Unable to get the story out of my head, I began tracking down newspapers from the time, in archives in Beijing, Shanghai, Hong Kong and London. I learned that the investigation had been jointly handled by the Peking police and a British detective working in China, a unique occurrence and a potentially fascinating collaboration between a senior Chinese and a European detective. Some papers tantalisingly hinted at official interference in the investigation by the British Legation—a desperate attempt to save face by His Majesty’s government in the Far East. The reports of Pamela’s autopsy confirmed that this was a particularly nasty murder, one that had set both the Chinese and foreign rumour mills of Peking working overtime, and sparked paroxysms of fear in a city already jittery about an attack by the surrounding Japanese. Pamela’s was one murder that seemed to presage thousands; an outrage in a city braced for much worse to follow.
All the details around the murder case were intriguing: an eccentric father with a colourful past, fox spirits running riot at night in the old Tartar City of Peking, the suggestion of illicit sex, a whiff of opium, whispers of scandal, a previously rarely mentioned underclass of criminal and corrupt foreigners in the city, the purposeful obfuscation by pompous British diplomats and the terrible lack of final justice in the case. All taking place against a backdrop of a doomed China slipping inexorably into wholesale war, which was followed by the drawing tight of the bamboo curtain under Mao. Pamela Werner had been forgotten by everyone a long time ago, it seemed.
It was when I came across a photo of her, on a cold morning in the British Library’s newspaper archives in north London, that I knew her story had to be told. I started writing. And then, by chance, while tying up the loose ends of some research in Britain’s National Archive at Kew, I stumbled across an uncatalogued file in one of several dozen boxes of random correspondence sent from Peking during the years 1941–45. The letters in the file had been recorded, acknowledged, filed and forgotten. There were some 150 pages of close type, with handwriting added by the author in the margins.
It took a while to work out what it all was: the details of the private investigation E. T. C. Werner had conducted after the official one was halted. Peking was by then occupied by the Japanese, yet Werner’s search uncovered more than the detectives had found; it answered questions that they had been unable to, settling nagging doubts and bringing more to light than the official inquest ever did. It took these lost letters of Werner’s to bring Pamela’s murder into focus for me.

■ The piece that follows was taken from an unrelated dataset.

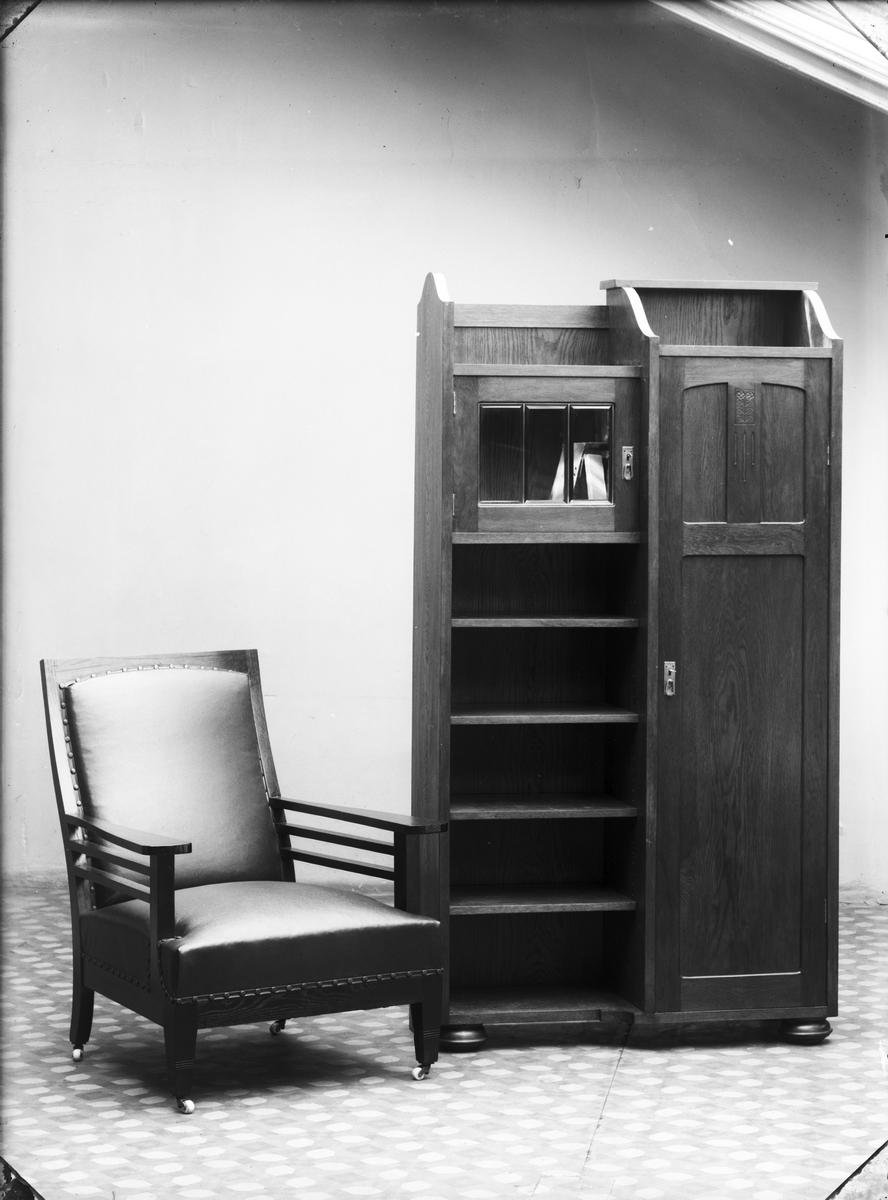 Titel: Möbler Slöjdtekniska skolan Vänersborg. Bokhylla, Fåtölj.
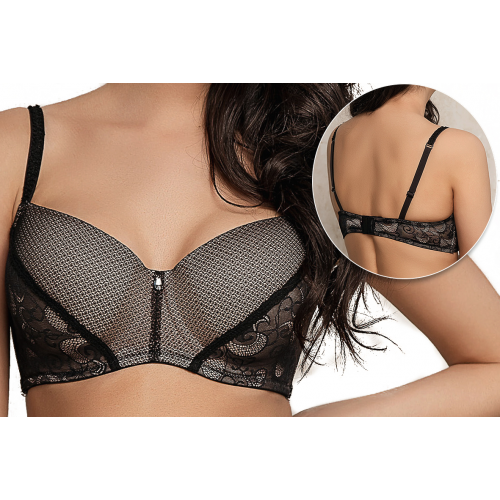 Бюстгальтер балконет, плотная чашка Dimanche 1087 из коллекции "Prestige". Модель со скрытой костью, по бокам расположены косточки для надежной фиксации. Тонкий гипюр с растительными узорами и геометрическими деталями создают потрясающие по своей красоте визуальные эффекты. Бретели декорированы кружевной тесьмой, между чашечек расположен сверкающий кристалл.

In the course of writing this book I travelled to the foreign treaty ports where Werner once served; to the backstreets of Shanghai’s Frenchtown, where so many of the accused and guilty fled; and to Tianjin (Tientsin), where Pamela had gone to boarding school and where other scandals dwelt. Naturally I spent time in Beijing attempting to penetrate the increasingly glitzy and modern exterior of the Chinese capital, looking for traces of that prewar, prerevolutionary city—the former Legation Quarter, the once infamous Badlands, the
hutong
of the old Tartar City and the Fox Tower. Remarkably, most of the key locations in Pamela’s life and story remain, despite the massive disruption and construction in Beijing in the past three decades. I made contact with the few remaining people around the world who remembered Pamela. I rechecked every false scent and misguided trail, every officious injunction from the British authorities.
I came to agree with Werner’s conclusion, and I reconstructed the events of his daughter’s final night, in the chapter ‘Invitation to a Party,’ using his findings. From the start, I thought it important that Pamela Werner not be forgotten, and that some sort of justice, however belated, be awarded her.